In other parts of the country, like the upper Midwest, the Rockies and New England, our recent snow doesn't amount to more than a dusting. Amazingly, of all the states in the U.S., Alaska doesn't hold the record when it comes to snowfall. That honor goes to New York, with nearly 100 inches - that's eight feet of white stuff - falling on Rochester every winter. Their heaviest snow month is January, while a white Christmas is always guaranteed in nearby Buffalo, a close rival that holds the record for the highest average December snowfall: 27.4 inches. To interpret, if I lived there, I'd be doing my holiday shopping trudging around in snow up to my ... er ... rear.
Buckeyes will find it interesting that third place for the most snow goes to a city in our very own state: Cleveland. Lake effect snow is serious stuff and adds up to an annual average of 47 inches. Denver, Colorado has the longest snow season, often spanning from September to May, but several nearby Midwestern locales are also on the "cities with the most snow" list: Columbus, Detroit, Indianapolis and Chicago.

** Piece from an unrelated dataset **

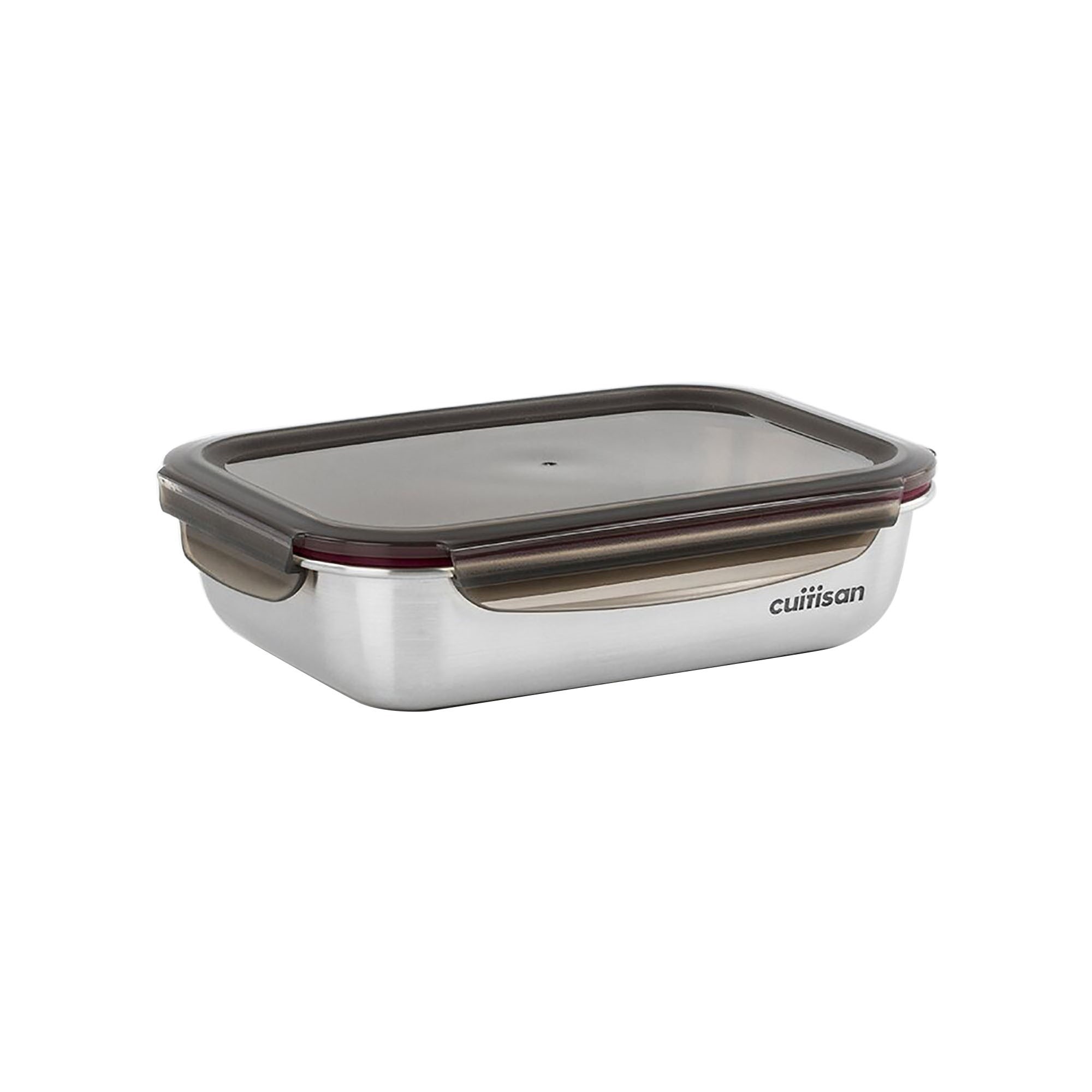 Rectangular food storage container, Cuitisan brand with a capacity of 1900 ml, size 259 × 195 × 71 mm, made of "Cromosteel" stainless steel, with polypropylene lid.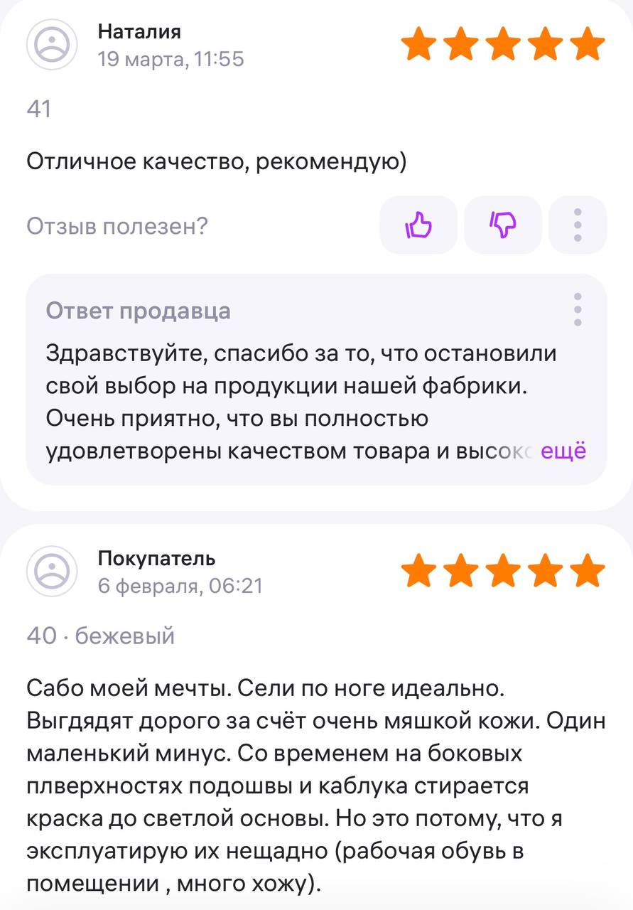 Ботинки хорошие, кажа мягкая, размеру соответствуют, но на пятке пришита заплатка из какой то пленки блесящей и когда первый раз померла она вся сморщилась и такое впечатление что сейчас лопнет. И я думаю со временем так и будет. Если бы не эта заплатка взяла бы удобные и мягкие

I love January snow, as long as it doesn't put a snag in my plans, of course. March and April snows are not nearly as popular. Snowflakes dance and swirl and then fall onto everyday objects like the picket fence and evergreen boughs and transform them into ethereal and transient sculptures.
On days like this, I keep a close eye on the bird and critter feeders. The cardinals and chickadees find sunflower seeds, while the ground feeding mourning doves and juncos, along with Mr. Bun, enjoy the mix of grains put out for them.
The banty hens are not as resourceful. They refuse to set one foot in the snow. They would stay huddled in their coop and dehydrate if we didn't spread a layer of straw on the snow around their watering font. I am a little worried about how they will fare in the super cold that is predicted in the next few days.
We won't heat the coop, however. Far more chickens succumb to devastating coop fires caused by auxiliary heat sources than cold. When we used to have roosters out in the barn, sometimes their combs were frostbitten. I read not too long ago that a little petroleum jelly applied to their combs offers some protection.
The rabbits -- Beverly and Fizzbit --will do fine. They aren't fur covered just for looks. We often have to thaw out their water crocks in the laundry sink, but that's not much of a bother. The biggest enemy of domestic rabbits is heat.
On a snowy day like this, I feel like I have a little more time. The same to-do list awaits each morning, rain, snow or shine. However, every great once in a while, if I'm not planning on going anywhere and the roads are bad, Tim will take my car with its four-wheel drive to work. It's a good day to enjoy simple, homey tasks. So, instead of just plopping a teabag in a mug. I take the time to get a pretty blue and white tea pot out of the china cabinet and make a real pot of tea.
While the kettle burbles on the stove, I warm the pot with hot water and light the candle in the silver filigreed warmer. On this snowy day I'm enjoying one of my Christmas gifts: Vanilla Comoro tea. My tea kettle is a bright yellow duck. I wish it quacked when it comes to a boil instead of whistling like any self-respecting kettle.
I found a fun kitchen gadget right before the holidays: a timer with a rooster on top that crows. I can hear it all over the house when it announces that cooking time is up. It reminds me of the old saying " the rooster may crow, but the hen delivers the goods."